# Dryer Vent Leaks Water



## glennonr (Apr 22, 2010)

I'm a new landlord learning quickly the only time the tenants call is when there is a problem.

Tenants moved in a few weeks ago into a duplex built in 2002. Brought their front loading washing machine and dryer matching set to use.

Units are hooked up in the basement. Duct comes off back of dryer and does an immediate 90 degree turn and shoots upward about 8 or 9 feet. Then it does another 90 degree turn and shoots out about 10 feet horizontally to the side of the house.

Tenant called me last night (after being there 3 weeks) to tell me the dryer duct is dripping water.

Tried taping the duct work with the shiny metallic like tape (UL approved). 

Tenant calls me back today to tell me the duct work is still dripping. Apparently going through the tape.

Duct work is not "secured" to wall or bottom of floor joists. It does rest on top of a few copper water pipes.

Duct work was brand new before they moved in 3 weeks ago.

My wife and I live in the opposite side of the duplex with our dryer on the other side of the wall from there. Literally probably less than a foot apart, with a similar, but separate dryer duct setup. We do not have this problem at all. And we have a dryer that is probably several years older than theirs.

I have verified that air is flowing to outside through duct work when dryer is running.

Any ideas?

Thanks in advance!
Robert


----------



## Big Bob (Jul 27, 2007)

condensate problem is assumed ..unless plumber was a psycho.

try separating copper pipe (bet it's the cold line) from the dryer vent duct. (add insulation) at that area at least.

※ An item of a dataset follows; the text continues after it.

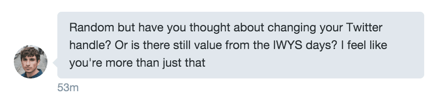 A few people began asking me about my @iwearyourshirt username and if I had thought about changing it. I gave them the honest answer: I hadn’t changed it because I’d lose my verified status, and I felt like that was some small advantage I had as a completely online-based business owner. Reading that back now, I can see how silly it sounds. But it’s amazing the lies we’ll tell ourselves to avoid difficult decisions.
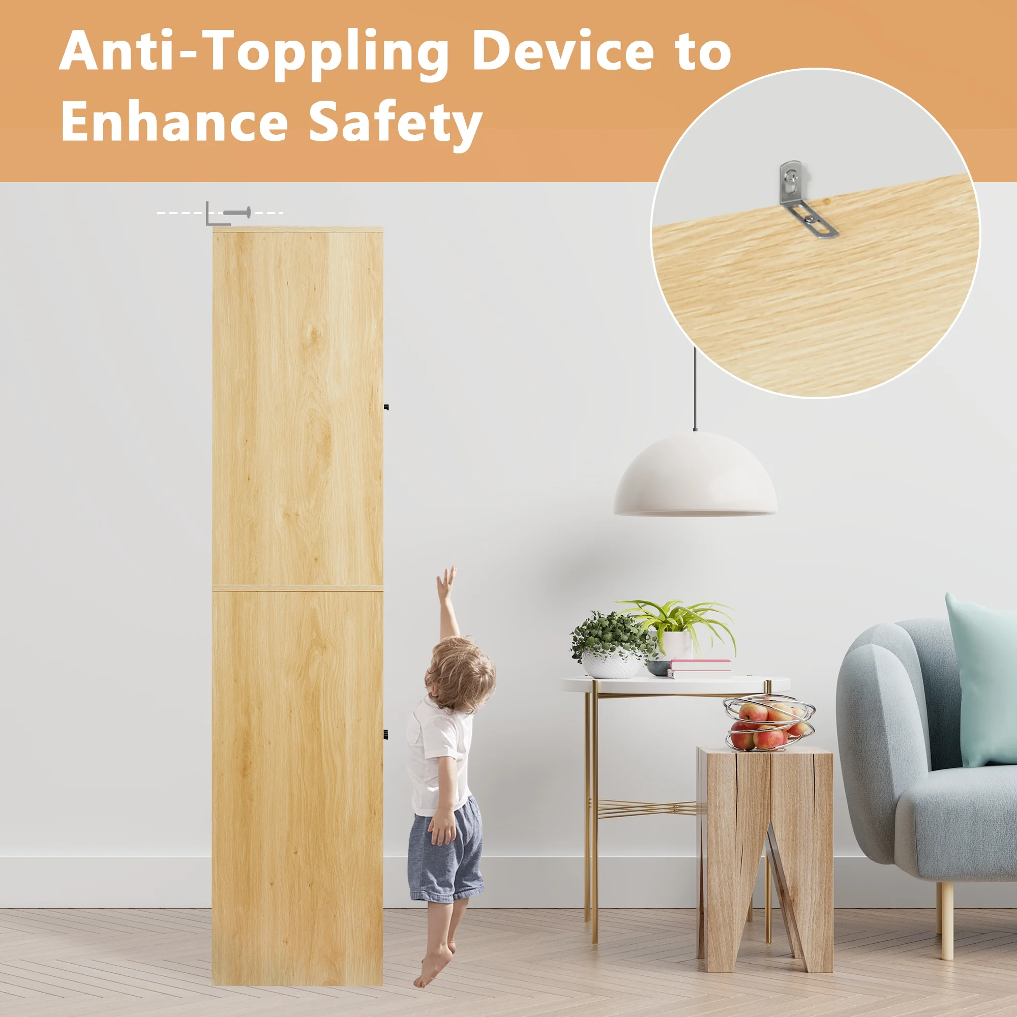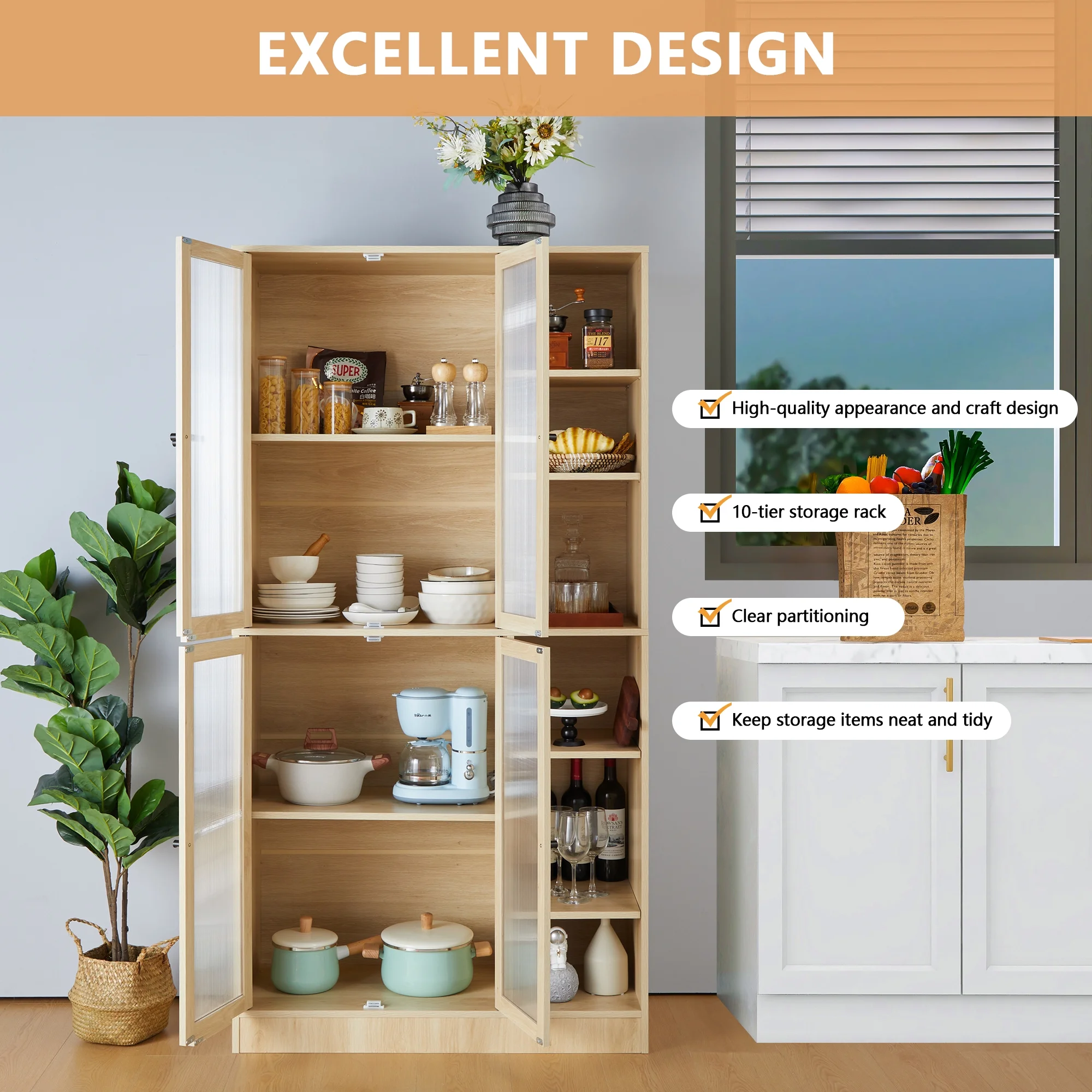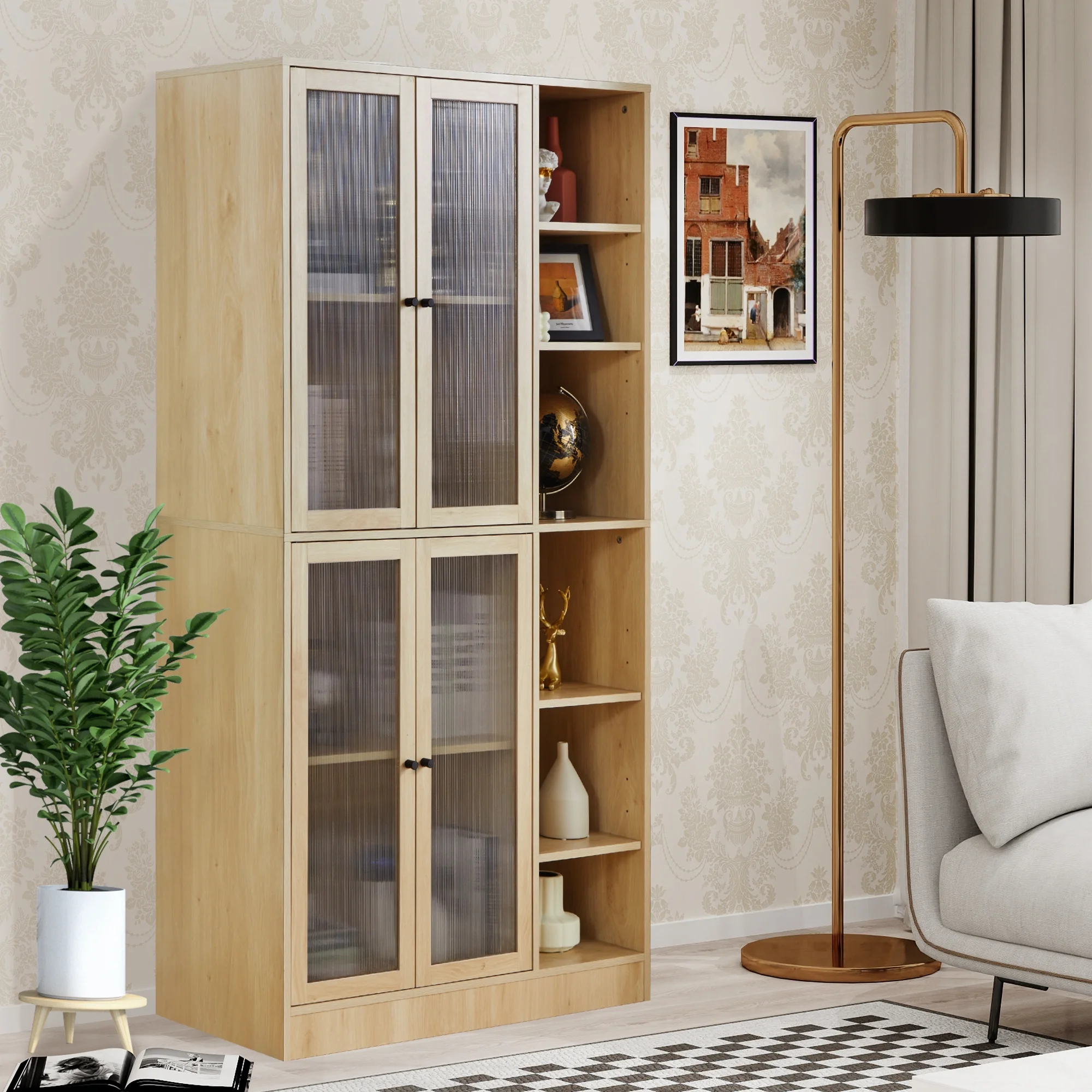 Semiocthome Wood Modern Storage Cabinet with Glass Doors and 10 Shelf,Adult,71"H,Living room,Natural

Is dryer vent in a conditioned space? or insulated? where are you located? I assume duct is round and smooth...? 

Is tenant equipment new? or might be clogged and not sending moisture ladened air through the duct at full force... you are asking alot of the duct that has wet air travel the distance and layout you advise without a problem
lot's of variales to look at...

good luck


----------



## Ron6519 (Mar 28, 2007)

I would check to see that the clothes being put in the dryer have been through an adequate "spin" cycle. 
I would also check the ductwork to see that it inclined out to the exhaust, not that should be an issue with damp clothes.
Ron


----------



## Big Bob (Jul 27, 2007)

Ron6519 said:


> I would check to see that the clothes being put in the dryer have been through an adequate "spin" cycle.
> I would also check the ductwork to see that it inclined out to the exhaust, not that should be an issue with damp clothes.
> Ron


two really good variables:yes::thumbup:


----------



## glennonr (Apr 22, 2010)

Dryer is in a heated concrete basement, partially finished.

Pink fiber glass insulation batts at top of foundation where foundation and floor joists meet.

Duct work is round and smooth, galvanized steel.

Geographic location is Michigan.

Tenant equipment is relatively new. Not sure of age. It's a matching set with a front load washer, so I'd assume newer than my old top loader.


----------



## Big Bob (Jul 27, 2007)

glennonr said:


> Dryer is in a heated concrete basement, partially finished.
> 
> Pink fiber glass insulation batts at top of foundation where foundation and floor joists meet.
> 
> ...


great ...we are eleminating variables... isolate copper pipe from duct..
double check pitch on duct... ask tenants to try extra spin on wash cycle..
thy may really load their to super full..? keep up the good work...


----------



## glennonr (Apr 22, 2010)

Once duct work hits the horizontal section there is pretty much no incline of decline for the 10 feet it needs to run to the outside.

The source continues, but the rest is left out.